A single loading direction for fatigue life prediction and testing of handlebars for off-road bicycles

Components for off-road bicycles including handlebars continue to be recalled with regularity because of problems with structural failure as a result of high cycle fatigue in the off-road environment. The objectives of this study were to 1) devise a method for determining the point on the handlebar cross section that experiences the maximum cumulative damage when the handlebar is subjected to loads applied by the rider’s hands that vary randomly in both magnitude and direction, 2) use this method with an existing database of handlebar loads (DeLorenzo and Hull, J Biomech Eng, 1999) to determine a single loading direction to be used in design and testing of the handlebar, and 3) determine the sensitivity of the point of maximum cumulative damage to structural and material properties of the handlebar. The load database was generated by seven subjects who rode a rough downhill course in the standing posture and provided a total of 28 trials for analysis. For each of the 28 trials, the stress histories at 1-degree increments around the handlebar circumference were determined. The cumulative damage at each of the 360 points for each of the 28 trials was computed using rainflow counting in conjunction with Walker’s equation to represent the S-N diagram for the handlebar material.

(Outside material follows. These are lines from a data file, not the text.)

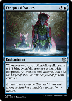 Whenever you cast a Merfolk spell, create a 1/1 blue Merfolk creature token with hexproof. (A creature with hexproof can't be the target of spells or abilities your opponents control.)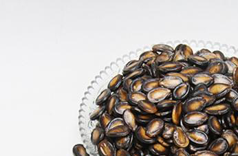 将西瓜子放入1.5%石灰水中(1.5斤生石灰加水100斤,溶解后取其上层清液)浸泡5小时左右,用手淘搓,除去子膜,洗净按10:1的比例将瓜子和酱油与适量食盐、茴香、桂皮同投入锅内,加水浸过瓜子,用旺火烧煮约1.5~2小时,然后改为小火,缓慢烘烤,让盐卤干燥,或直接放进烤房,烤炉以80摄氏度左右温度烘干。
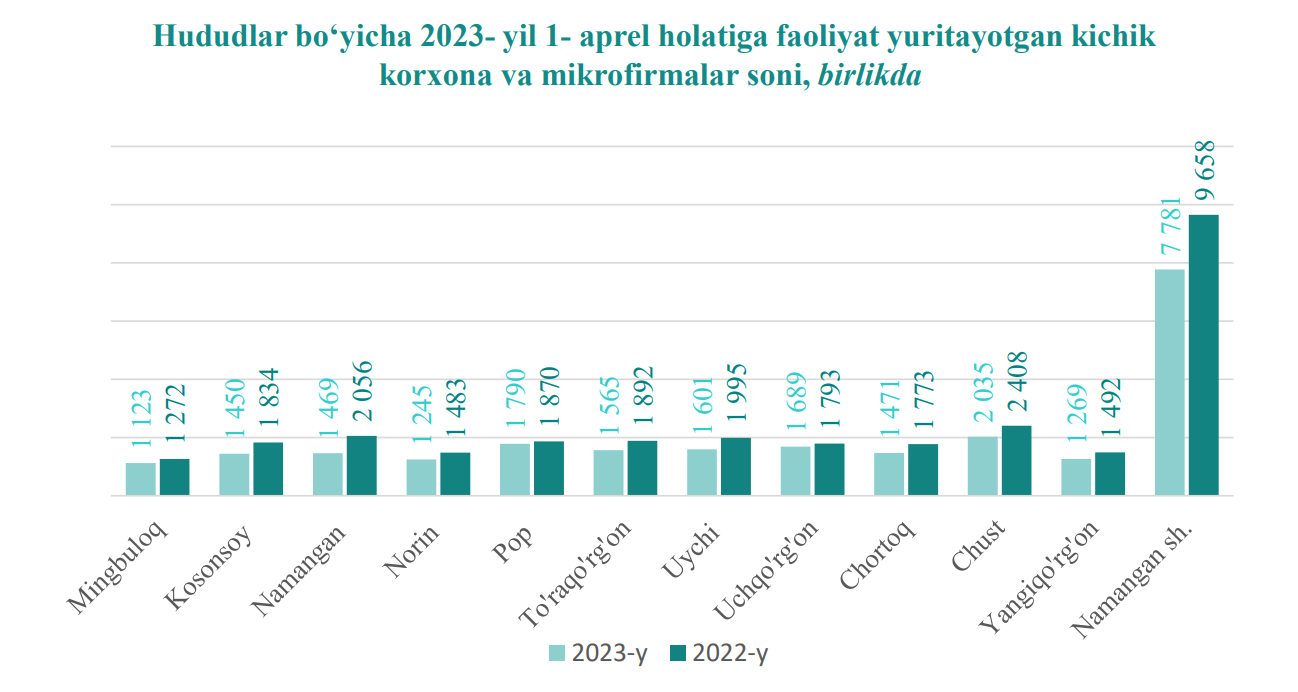 2023- yilning yanvar - martida 1,3 mingta yangi kichik korxona va mikrofirmalar (fermer va dehqon xo‘jaliklarisiz) tashkil qilindi,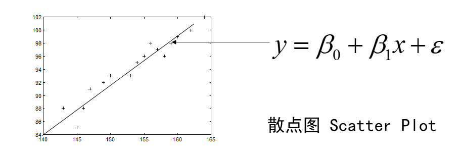 \[ y=\beta_0+\beta_1x+\epsilon \tag{2} \]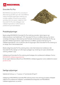 ROCKWOOL Granulate Pro Plus anvendes til efterisolering på loftet og er den mest effektive måde at forbedre bygningens isolering, og mindske udgiften til opvarmning markant samtidig med at du sparer miljøet for CO2. Granulate Pro Plus skal udlægges med indblæsningsmaskine, hvilket kræver en professionel granulatindblæser..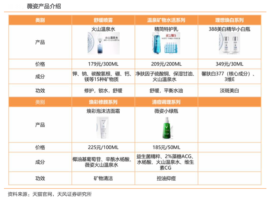 經典案例:根據天貓官網、天風證券研究所等綜合資訊表明,薇姿產品源于法國藥房,安全、高效、富含薇姿火山溫泉水。其成立至今堅持使用最純淨、最具活性的 VICHY 溫泉水為原料,堅持為消費者守護肌膚健康而努力。產品的 類型覆蓋卸妝品、面膜、乳液、化妝水、凈化、噴霧等 12 個類型,具有改善細紋、防曬 隔離、淡化暗沉、光澤皮膚等功效。產品經過臨床實驗證明,獲得專業(yè)皮膚科醫(yī)師的推薦。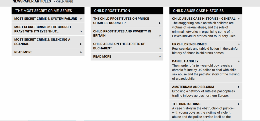 “The huge scale of child sex abuse; the hopeless weakness of state agencies in dealing with it; the growth of child prostitution on the streets of UK cities; and the inside story of paedophile networks operating across Europe. Three Story Files and four individual articles.”

The maximum cumulative damage varied by more than six orders of magnitude between trials and the location of the point of maximum damage ranged from 110° to 343° (angle measured from horizontal axis pointing forward with positive counterclockwise rotation viewed from the right side of the bicycle). The median location was 142°. To create a tensile stress in bending at 142°, a load would have to be applied at 322° (322° = 142°+180°). Thus, 322° was found to be the single loading direction representative of the variable-direction load database. This direction did not change for a handlebar with different structural and material properties and coincided approximately with a vector drawn along the line of the arms of the rider. This loading direction can be used in conjunction with information on the effects of assembly of the handlebar with a stem to analytically predict the high cycle fatigue life of a particular stem/handlebar assembly. Furthermore, this loading direction can also be used to experimentally determine the expected in-service fatigue life of a particular stem/handlebar assembly.